Die beiden Buddy-Bären-Erfinder haben die Weltreise mit den United Buddy Bears lange geplant. Geworben wird mit den kunstvoll bemalten, kunterbunten Bärenfiguren immer für einen guten Zweck - das eingenommene Geld wird an Kinderhilfsorganisationen verteilt. Durch Spenden und Versteigerungen von Buddy-Bären sind bisher 1,084 Millionen Euro (Stand November 2005) zugunsten des Kinderhilfswerks der Vereinten Nationen UNICEF und lokalen Kinderhilfsorganisationen eingebracht worden.

"Wir sprechen alle Botschaften an, um den Kreis der Bären ständig zu vervollkommnen", sagt Initatorin Eva Herlitz. Das entwickelte Konzept, die Ausstellungen weltweit ohne Eintritt und ohne staatliche Zuwendungen zu veranstalten, habe sich bewährt. Möglich sei dies durch die große Hilfe und finanzielle Unterstützung vieler Sponsoren aus der Wirtschaft.
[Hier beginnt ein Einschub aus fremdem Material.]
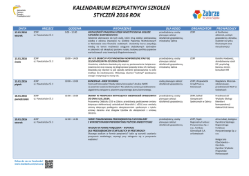kalendarium bezpłatnych szkoleń styczeń 2016 rok
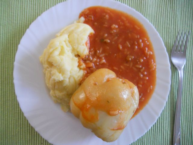 Mi smo imeli bolj skromno kosilo- goveja juha z rezanci, včerajšnja stefani pečenka, v oblicah

Eva Herlitz hofft, daß es gelingt, auch über die Dauer der Fußballweltmeisterschaft hinaus das Oval der Buddys auf dem Bebelplatz im Mitte stehenzulassen - möglichst bis über das Ende der Berliner Schulferien hinaus. "Besonders für die Schulklassen in Berlin durch ihre multikulturelle Ausrichtung und ihren hohen Ausländeranteil bietet die Idee der Buddys einen praktischen Anschauungsunterricht für Völkerverständigung und Toleranz", sagt die Bären-Aktions-Erfinderin.